Apr 26, 2024 2 min read

Understanding the pathways into music

This weekend more than 50 music educators will come together in Derby to discuss how to best support future music talent at an event organised by CMU’s Pathways Into Music Foundation. Dr Sini Timonen is part of the team delivering the programme and here she outlines its objectives

Understanding the pathways into music

This weekend, CMU's Pathways Into Music Foundation will hold the first event as part of its new professional development programme for music educators. Taking place over two days in Derby, I’ll be running the sessions alongside Chris Cooke and Phil Nelson

The Pathways Into Music Foundation was originally conceived as a way to build stronger connections between music educators and the music industry, recognising the vital role educators play in empowering the next generation of music talent. This programme is a key part of achieving that mission.

Young people who want to pursue careers - full time or part time -  as performing artists or musicians need some base-level knowledge about the business side of music, including rights, fanbase building, running a music-maker business, and how to go about finding collaborators and opportunities.

It is also valuable for young people to understand what career routes behind the scenes in the music industry look like, so that they are aware of all the different pathways and what is involved in the different roles. Many young people who start out as artists or musicians ultimately pursue behind the scenes careers. 

While there are excellent higher and further education music business courses that can provide this knowledge, and there are plenty of useful online and industry resources, these don’t cater to the needs of everyone. Not all young people wish to study at FE or HE level, and some resources may not be readily available to everyone who can benefit from them.

Music educators - of all kinds and at all levels - have a key role to play in providing this knowledge and information to young people, as well as signposting good resources - and helping people avoid the poor resources - and highlighting support that is available locally, nationally and online. 

Music educators can and should support each other in fulfilling this role, and it is clear that the industry could - and should - be building stronger connections with music educators too.

The Pathways Into Music Foundation helps music educators and industry stakeholders to build connections, networks and, eventually, communities of practice.

Our new CPD programme, called ‘Understanding The Pathways Into Music’, celebrates the role music educators play in supporting young people’s musical journeys.

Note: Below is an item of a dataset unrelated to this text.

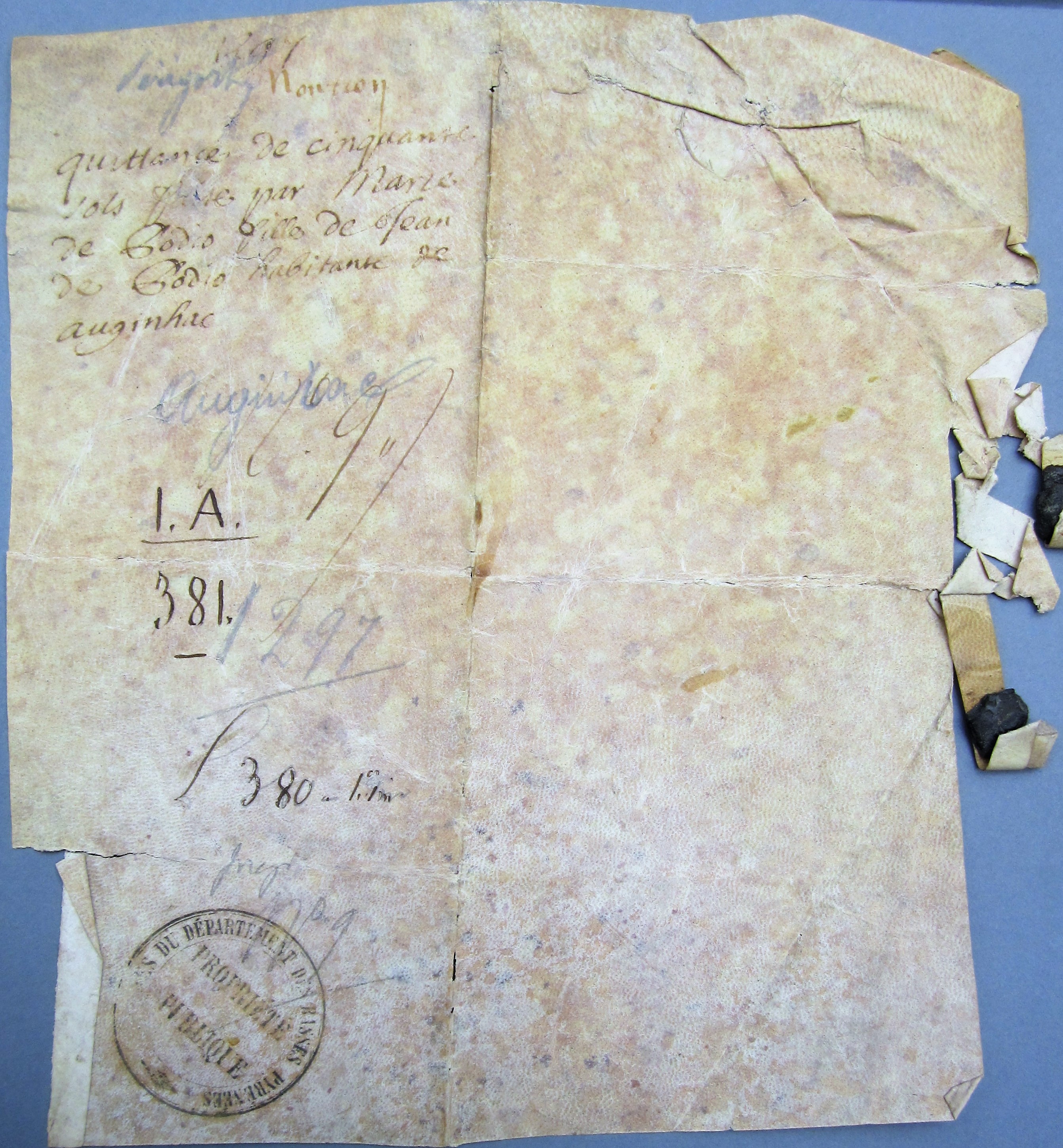 Quittance de 50 sous de Limoges par Marie Du Puy, d'Augignac à Gui de Magnac, pour un legs fait par Guillaume de Magnac (1297)

The programme not only helps to provide music educators that base-line of music industry knowledge that they need, but also seeks to connect educators with each other as well as the wider industry, and to map and signpost support.

The pilot event taking place this weekend in Derby, enabled by Arts Council England support, brings together more than 50 educators involved with teaching and supporting young people at year seven and above. The participants in the pilot come from a wide range of backgrounds, including schools, music education hubs, colleges, universities and talent development organisations.

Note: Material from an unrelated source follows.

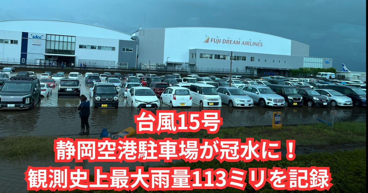 【画像】静岡空港『台風15号』被害状況まとめ!駐車場が浸水で車の水没被害が多数!
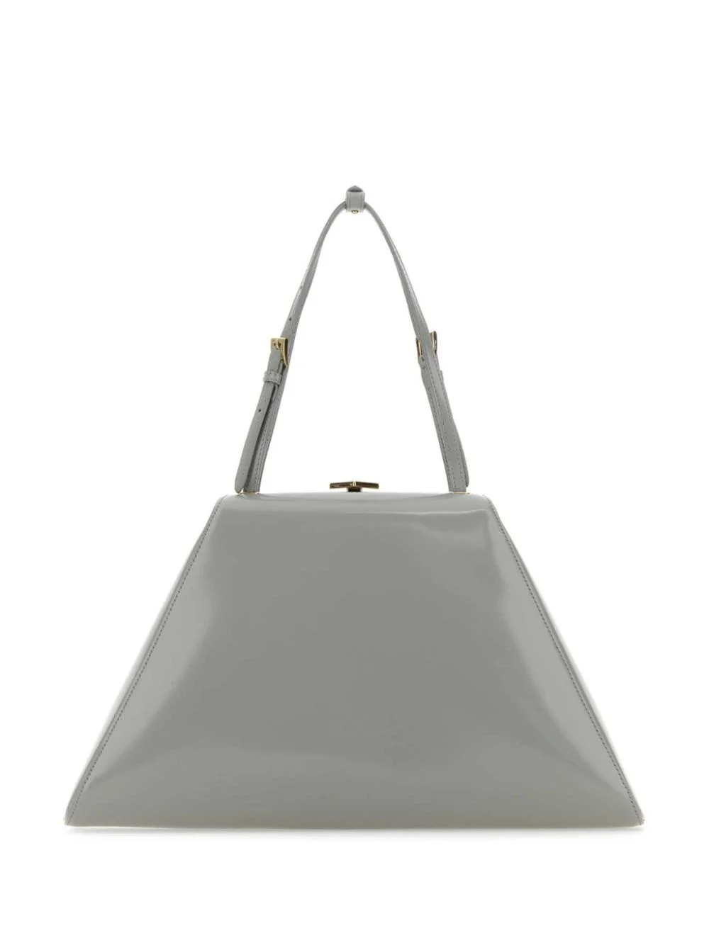 trapeze-shaped tote bag Highlights - Nube grey - Calf leather - Patent finish - Trapeze body - Two adjustable top handles - Clasp fastening - Silver-tone hardware Composition Outer: Calf Leather 100% SIZE & FIT Measurement DEPTH 3.14 in(8 cm) HANDLE 6.29 in(16 cm) HEIGHT 7.48 in(19 cm) WIDTH 13.38 in(34 cm)

They will gain knowledge, information and expertise from the Pathways team and each other, joining discussions around the links between education and industry, and the various pathways into careers in music. The pilot participants will also inform Pathways Into Music’s longer-term work that seeks to build networks that can help ensure that music educators at all levels and in all locations are appropriately equipped to support the next generation of music talent.

Those networks are an important part of the music industry talent pipeline of both music-makers and music industry professionals and entrepreneurs.

Furthermore, the kind of information and skills we are encouraging the educators to share are also valuable in many other careers in the creative industries, marketing and communication sectors, and many other sectors too.

We hope that the pilot weekend will provide plenty of food for thought and useful feedback that we can use to inform successive events across the UK and beyond.